China gets tough on manufacturers

By Katrina Megget

- Last updated on GMT

Related tags: Pharmacology, Pharmaceutical drug

China is cracking down on its pharmaceutical manufacturers with the
State Food and Drug Administration (SFDA) revoking the production
licenses of five drug makers since July, according to reports in
the local media.

The country's food and drug watchdog has also withdrawn the Good Manufacturing Practice (GMP) certificates from 128 drug makers, the China Daily website reported. The moves follow a spate of scandals that have recently rocked the Chinese food and drug economy, from poisoned toothpaste and pet food, to the recent death sentence handed to former SFDA director Zheng Xiaoyu for taking bribes to approve hundreds of drugs. The hard-line approach is part of an attempt to rev up the quality of products and counteract the growing international criticism of the country's pharmaceutical industry, which is described as poorly regulated. In the recent overhaul, the SFDA shut the door on five manufacturers, including the Qiqihar No. 2 Pharmaceutical Co., which was in the centre of fake Armillarisni A injection incident last year where 11 people died. The drug, used for treating inflammation of the gall bladder wall, contained diglycol instead of propylene glycol, and caused kidney failure. Five other drugs by the company were also been found to be fake. A second company, Guangdong Baiyi Pharmaceuticals, also had its license revoked after it was found to have made haemoglobin infected with a virus from a donor, the China Daily reported.
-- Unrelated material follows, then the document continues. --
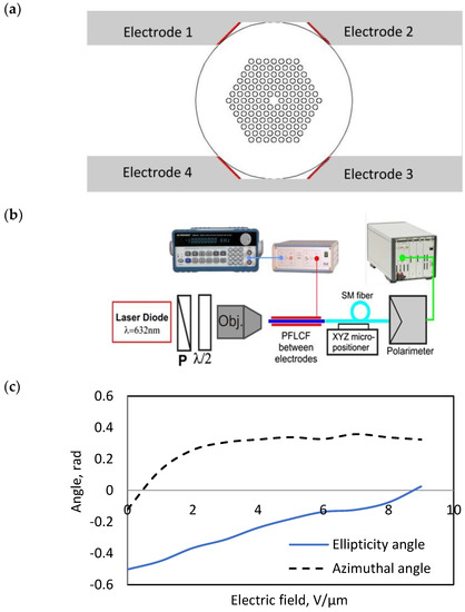 The idea behind the setup shown in Figure 9b is to control the state of polarization and obtain electrically tunable attenuation of the fiber. Here, a 7 cm long photonic crystal fiber (FLC FD4004N) with a diameter of ≈5 μm was obtained using photoalignment. The distance between electrodes was maintained at 126 μm. This means that states of the director are possible along the fiber length (see the video, the link is provided in the Data Availability Statement). The photonic liquid crystal fiber birefringent axis was aligned parallel to the glass plates. A conventional narrow band laser diode (λ = 632 nm) was used as the light source. A successive combination of the Glann–Thompson polarizer and a half-wave plate manifests change in the polarization state of the light. This system is supplemented by an objective for collimation of light. The cell was connected to the function generator with an amplifier. The application of an external electric field to the cell containing the fiber results in the continuous rotation of the optical axis and smooth change in the polarization state. The corresponding changes are measured by the Stokes polarimeter with a single-mode optical fiber.

Three other unnamed manufacturing facilities where shutdown, while the GMP certificates of 128 drug makers were also withdrawn as the SFDA upped the number of GMP inspectors at the start of the year. Meanwhile, the China Daily reported that a further crackdown over the weekend occurred with the banning of Shanghai-based Hualian Pharmaceutical's drug methotrexate to treat leukaemia and rheumatoid arthritis. Several child leukaemia patients described pain in their legs and difficulty walking after being administered with the drug, which would now be re-evaluated. Plans for the nationwide cleanup of the food and drug industry will also include a review of the production licenses of nearly 170,000 medicines.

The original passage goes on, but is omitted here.